** Opening RECORDS FOR THIS EXERCISE block **
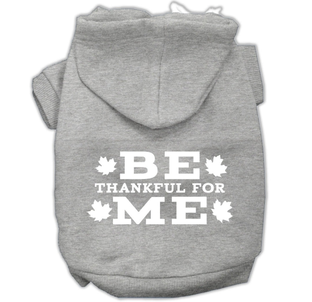 "Be Thankful for Me" Screen Print Dog Hoodie - Gray
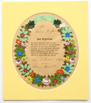 Unbekannt (19.Jhd), Geburtstagskarte mit Blumenkranz vom 01.April 1868, 1868,
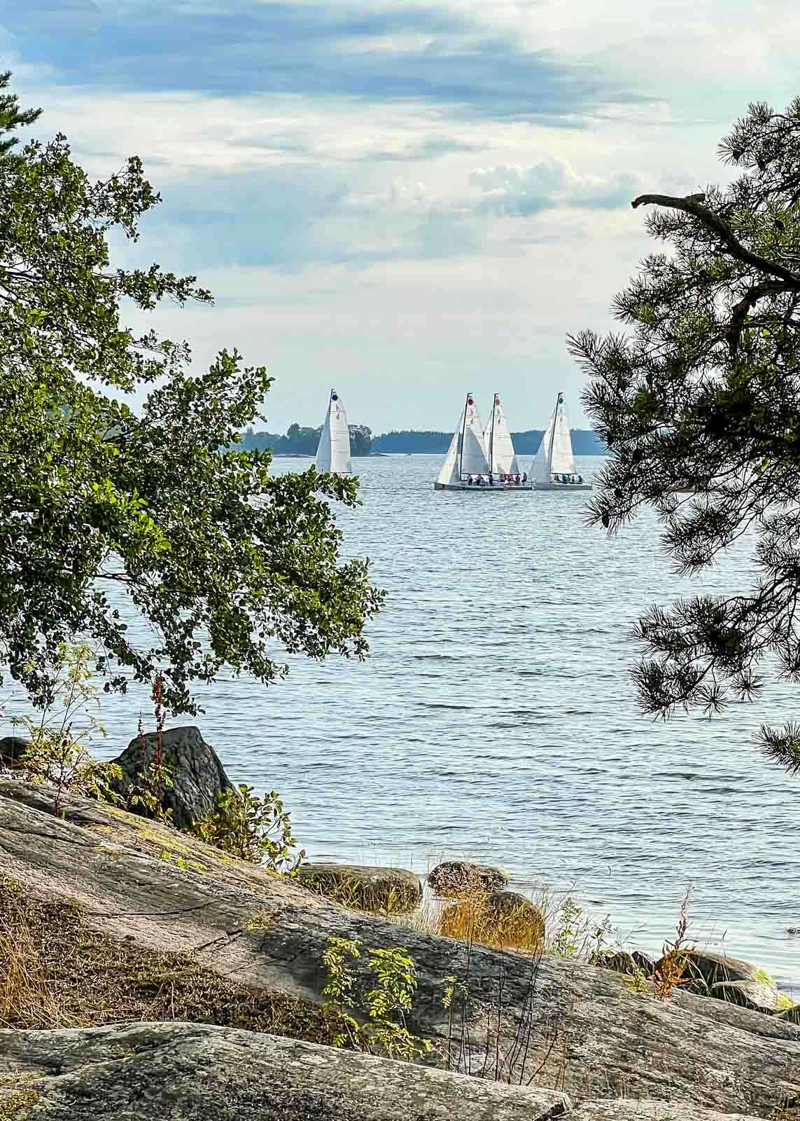 Juuri rantoja kierrellessämme ulapalla oli purjehduskilpailu alkamassa, joutsenet uiskentelivat saaren rannoilla ja tyrnin oranssit marjat olivat jo kypsymässä – merelliseksi mielletty kasvi kai sekin, tyrni. Saaren mustikat sen sijaan oli jo ehditty keräämään parempaan talteen – ehkä ihan hotellivieraiden syötäväksi, sillä kuulemma Hanaholmen-hotellissa tarjottavaa kalaa pyydystää kalastaja juuri näiltä vesiltä ja samainen kalastaja kerää marjojakin talteen hotellin keittiön käyttöön.
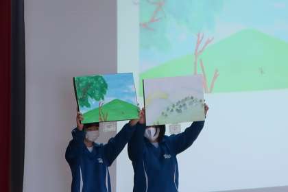 写真は、美術部の発表の様子です。
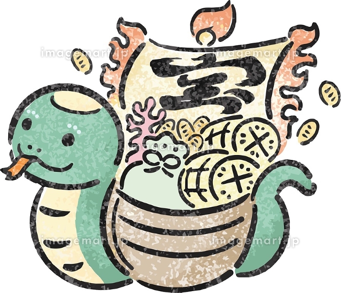 年賀状素材 2025 宝船 巳年 巳 へび ゆるかわ かわいい 手描き 水彩 正月 イラスト素材255176149- イメージマート。
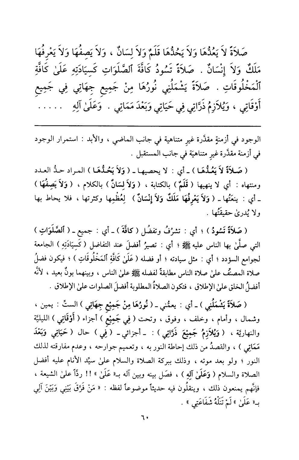 صلاة لا يعدّها ولا يحدّها قلم ولا لسان، ولا يصفها ولا يعرفها ملك ولا إنسان. صلاة تسود كافّة الصّلوات كسيادته على كافّة المخلوقات. صلاة يشملني نورها من جميع جهاتي في جميع أوقاتي، ويلازم ذرّاتي في حياتي وبعد مماتي. وعلى آله ...
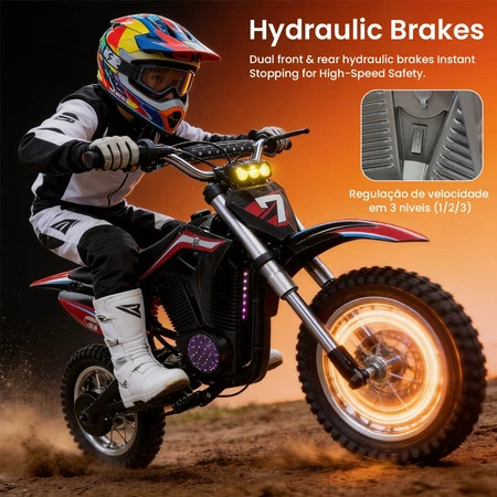 🏍️ Moto Cross Elétrica Infantil: Potência, Segurança e Diversão ao Ar Livre! Seu filho sonha em ser um piloto de motocross? Ou busca um presente que combine aventura, tecnologia e segurança? O nosso Moto Cross Elétrica Infantil de 350W é a escolha perfeita! Com design exclusivo de cross country, freios hidráulicos de alta performance e um sistema de energia seguro, ele proporciona diversão ativa e emocionante — ideal para crianças que amam correr e explorar parques ou estradas de terra. ✨ Principais Vantagens (Por que Este É o Melhor Presente para o Seu Filho?) ✅ Potência Robusta (350W) e Velocidade Controlada: Motor potente de 350W que alcança 20km/h (velocidade máxima), permitindo diversão sem riscos excessivos. Perfeito para crianças que amam velocidade com controle.✅ Segurança em Primeiro Lugar (Freio Hidráulico Duplo): Equipado com Freios Hidráulicos Frontais e Traseiros que proporcionam parada instantânea e segura. Diferente dos freios mecânicos comuns, o hidráulico evita desgaste e garante resposta mais rápida — os pais podem relaxar!✅ 3 Níveis de Velocidade Ajustáveis: Possui 3 modos de velocidade (1/2/3) para se adaptar ao nível da criança. Comece devagar (modo 1) para iniciantes, e aumente gradualmente para crianças mais experientes — segurança e flexibilidade máxima.✅ Bateria de Lítio 36V/4.0Ah de Alta Qualidade: Bateria de longa duração que oferece autonomia de até 12km com uma única carga. Carregamento eficiente e vida útil mais longa da bateria.✅ Design Todo-o-Terreno (Pneu 12"): Pneu inflável de 12 polegadas resistente, permitindo que a criança brinque em diferentes terrenos (estradões, parques, terrenos acidentados) com facilidade e estabilidade.✅ Conforto e Design Moderno: Travesseiro de assento luxuoso e confortável, faróis dianteiros brilhantes (para visibilidade noturna) e uma aparência esportiva moderna que deixa o seu filho o mais "cool" do bairro!✅ Dimensões Adequadas: Tamanho compacto (108cm x 55cm x 70cm) projetado exclusivamente para crianças, garantindo conforto e dirigibilidade. 🧩 Especificações Técnicas (Detalhes Profissionais para Pais Conscientes) ItemDetalhesTipo de VeículoMoto Cross Elétrica InfantilMotor350W (Potente e Eficiente)Bateria36V / 4.0Ah (Bateria de Lítio)Velocidade Máxima20 km/hAutonomiaAté 12 km (Dependendo da Carga e Terreno)FreiosHidráulicos Duplos (Frontal + Traseiro) — Parada InstantâneaNíveis de Velocidade3 níveis ajustáveis (1/2/3)PneusPneus de 12 Polegadas (Infláveis, Resistentes)Dimensões108cm (Comprimento) × 55cm (Largura) × 70cm (Altura)Carga Máxima60 kgDesignCross Country / Todo-o-TerrenoAcessóriosCarregador de Bateria Incluso 🎨 Destaques de Conforto e Segurança 🛡️ Freio Hidráulico de Alto Padrão: Mais seguro e durável do que os freios com cabo comuns. Evita o "escorregamento" do freio e garante uma parada suave e rápida. 💺 Conforto Máximo: Assento ergonômico e travesseiro macio, proporcionando uma pilotagem confortável mesmo em percursos mais acidentados. 💡 Iluminação Incrível: Faróis dianteiros de LED potentes e luzes ambientais nas rodas, tornando o passeio mais seguro e cheio de estilo, especialmente ao entardecer. 🛞 Estabilidade Total: Pneus de 12 polegadas com perfil agressivo oferecem excelente aderência em diferentes tipos de solo, evitando tombamentos. 🎁 O Que Você Recebe? (Pacote Completo!) 1x Moto Cross Elétrica Infantil (Design Esportivo) 1x Carregador de Bateria (Adaptador de Tomada Brasileiro Incluso) 1x Manual de Instruções (Em Português) 🛡️ Dicas de Segurança e Uso (Orientação Essencial para os Pais) Equipamento de Proteção: Recomendamos o uso de capacete, joelheiras e cotoveleiras durante o uso (não inclusos no pacote, mas recomendados). Ambiente de Uso: Dirija apenas em áreas pavimentadas, parques ou estradas privadas — não dirija em ruas movimentadas ou estradas públicas com tráfego intenso. Controle de Velocidade: Inicie com o nível 1 para crianças que estão aprendendo a pilotar. Aumente a velocidade gradualmente conforme a criança ganha confiança e habilidade. Carregamento: Carregue a bateria por 3-5 horas após o primeiro uso e não exceda o tempo de carga para preservar a vida útil da bateria. Supervisão: Crianças menores de 10 anos devem ser supervisionadas por adultos durante o uso para garantir segurança máxima.
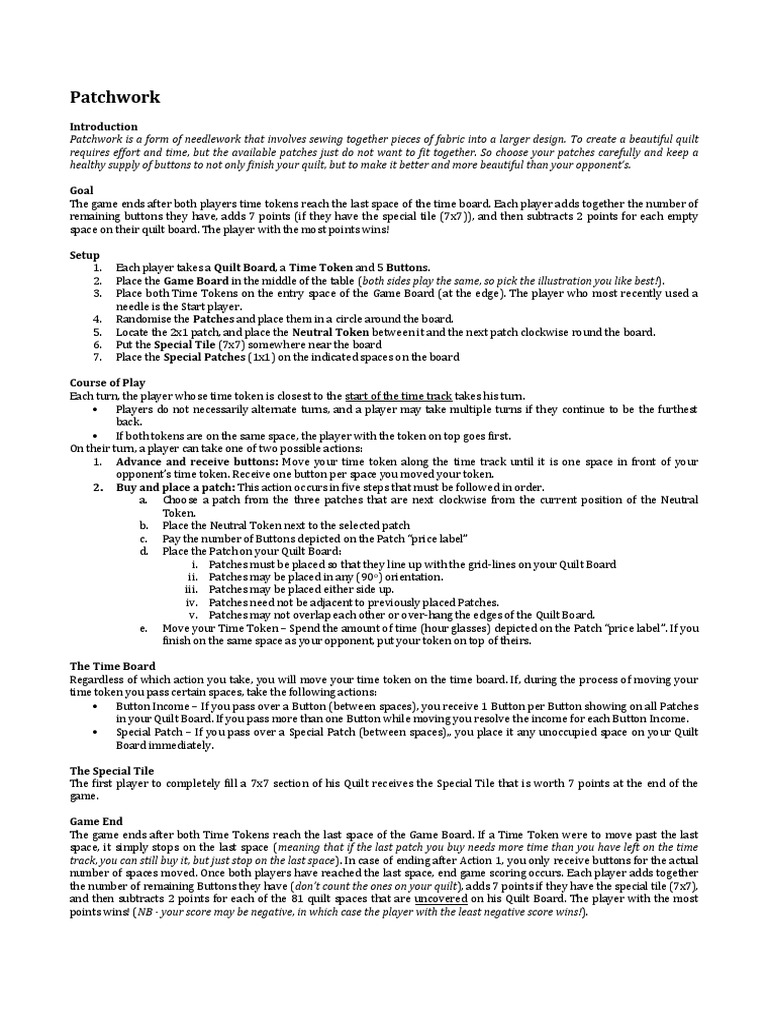 and then subtracts 2 points for each of the 81 quilt spaces that are uncovered on his Quilt Board. The player with the most
** Closing RECORDS FOR THIS EXERCISE block **
WORK REQUEST
All that should be returned is the run of lines from the start of the entries above to the line bearing "年賀状素材 2025 宝船", each exact, with pictures omitted.

PROBLEM SOLUTION
 "Be Thankful for Me" Screen Print Dog Hoodie - Gray
 Unbekannt (19.Jhd), Geburtstagskarte mit Blumenkranz vom 01.April 1868, 1868,
 Juuri rantoja kierrellessämme ulapalla oli purjehduskilpailu alkamassa, joutsenet uiskentelivat saaren rannoilla ja tyrnin oranssit marjat olivat jo kypsymässä – merelliseksi mielletty kasvi kai sekin, tyrni. Saaren mustikat sen sijaan oli jo ehditty keräämään parempaan talteen – ehkä ihan hotellivieraiden syötäväksi, sillä kuulemma Hanaholmen-hotellissa tarjottavaa kalaa pyydystää kalastaja juuri näiltä vesiltä ja samainen kalastaja kerää marjojakin talteen hotellin keittiön käyttöön.
 写真は、美術部の発表の様子です。
 年賀状素材 2025 宝船 巳年 巳 へび ゆるかわ かわいい 手描き 水彩 正月 イラスト素材255176149- イメージマート。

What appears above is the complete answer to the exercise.